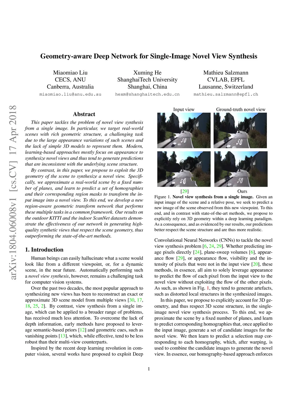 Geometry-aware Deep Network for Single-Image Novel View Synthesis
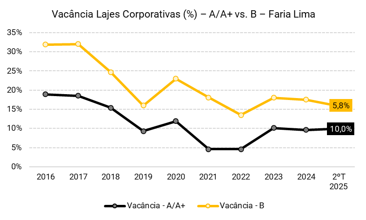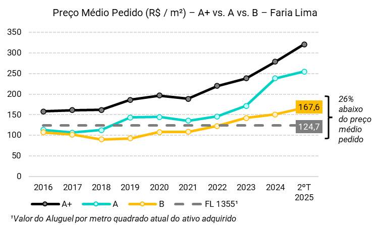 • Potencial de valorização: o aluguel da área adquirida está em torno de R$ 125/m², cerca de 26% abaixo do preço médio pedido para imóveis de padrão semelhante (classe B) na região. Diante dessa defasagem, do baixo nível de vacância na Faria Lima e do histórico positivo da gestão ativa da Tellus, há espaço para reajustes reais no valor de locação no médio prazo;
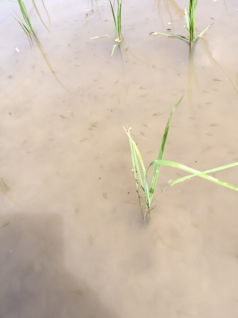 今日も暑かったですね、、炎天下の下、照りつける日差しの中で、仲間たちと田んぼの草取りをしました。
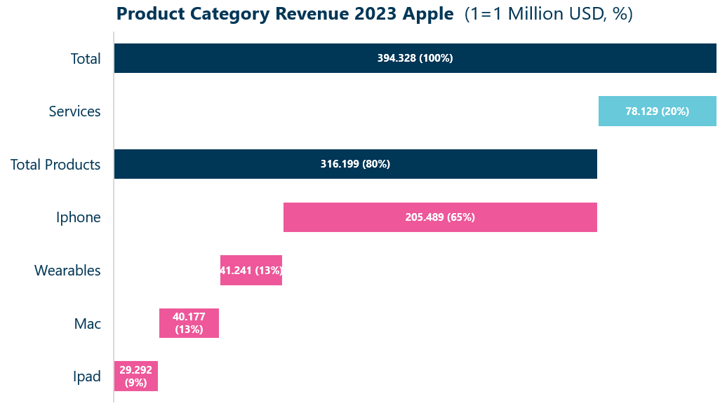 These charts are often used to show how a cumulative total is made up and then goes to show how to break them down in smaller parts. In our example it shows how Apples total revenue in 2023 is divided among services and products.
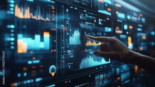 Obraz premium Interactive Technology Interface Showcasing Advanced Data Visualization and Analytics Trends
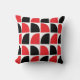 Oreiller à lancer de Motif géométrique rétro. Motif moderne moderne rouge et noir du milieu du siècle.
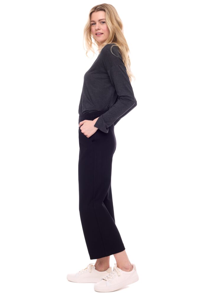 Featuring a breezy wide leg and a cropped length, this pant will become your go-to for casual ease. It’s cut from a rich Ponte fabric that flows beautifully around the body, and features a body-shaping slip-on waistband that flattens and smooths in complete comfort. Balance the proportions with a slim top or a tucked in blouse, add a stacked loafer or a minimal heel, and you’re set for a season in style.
*****
» **EXERCISE DESCRIPTION**: Pick up at the line that holds "These charts are" and restate each line, word for word, through the last line of the entries. Include both end lines but none of the pictures.

» **TASK ANSWER**:
 These charts are often used to show how a cumulative total is made up and then goes to show how to break them down in smaller parts. In our example it shows how Apples total revenue in 2023 is divided among services and products.
 Obraz premium Interactive Technology Interface Showcasing Advanced Data Visualization and Analytics Trends
 Oreiller à lancer de Motif géométrique rétro. Motif moderne moderne rouge et noir du milieu du siècle.
 Featuring a breezy wide leg and a cropped length, this pant will become your go-to for casual ease. It’s cut from a rich Ponte fabric that flows beautifully around the body, and features a body-shaping slip-on waistband that flattens and smooths in complete comfort. Balance the proportions with a slim top or a tucked in blouse, add a stacked loafer or a minimal heel, and you’re set for a season in style.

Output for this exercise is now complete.